PROVIDED DATA Block Start

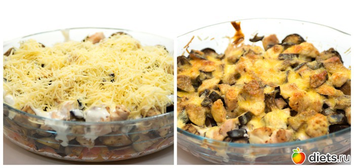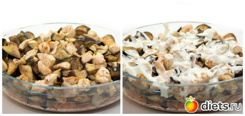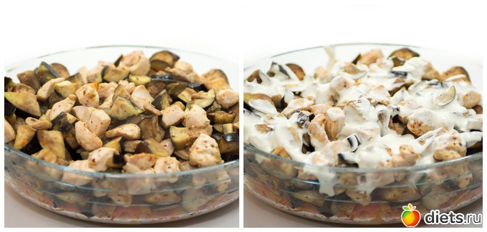 6. Следующим слоем выкладываем баклажан с курицей. Смазываем все сметаной.
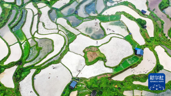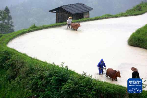 5月23日,贵州省黔东南苗族侗族自治州黎平县尚重镇上洋、下洋、岑埂等村的农民来到岑丈梯田,参加“千牛同耕”活动。 新华社发(方鹏 摄)
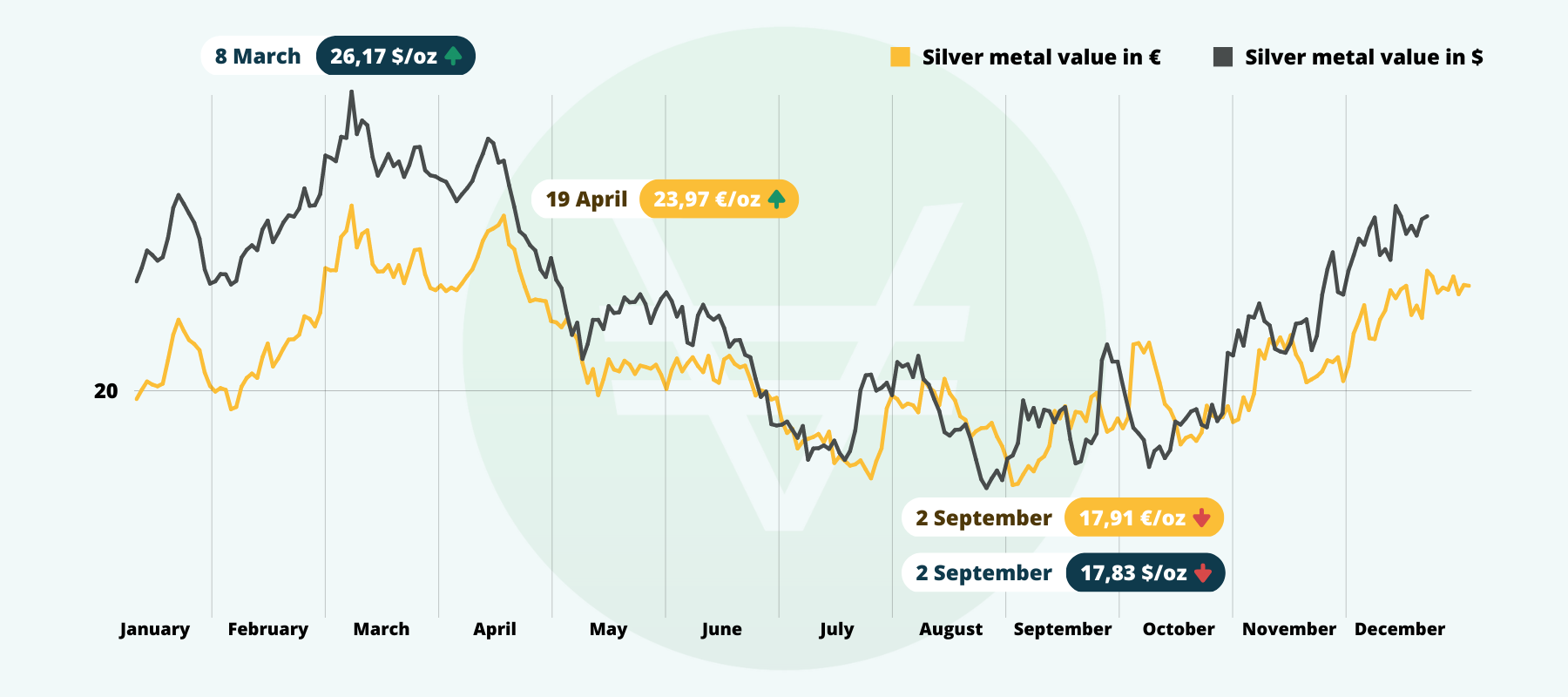 Those familiar with precious metals know this. Normally, the silver price follows the trends of the gold price. With slightly larger movements but still very similar. In 2022, this was not the case for silver in euros. In summary, silver rose less high and for less time. It fell lower, for longer.

PROVIDED DATA Block End

*ACTIVITY*: Reproduce each line above precisely, with no pictures.

*TASK RESULT*:
 6. Следующим слоем выкладываем баклажан с курицей. Смазываем все сметаной.
 5月23日,贵州省黔东南苗族侗族自治州黎平县尚重镇上洋、下洋、岑埂等村的农民来到岑丈梯田,参加“千牛同耕”活动。 新华社发(方鹏 摄)
 Those familiar with precious metals know this. Normally, the silver price follows the trends of the gold price. With slightly larger movements but still very similar. In 2022, this was not the case for silver in euros. In summary, silver rose less high and for less time. It fell lower, for longer.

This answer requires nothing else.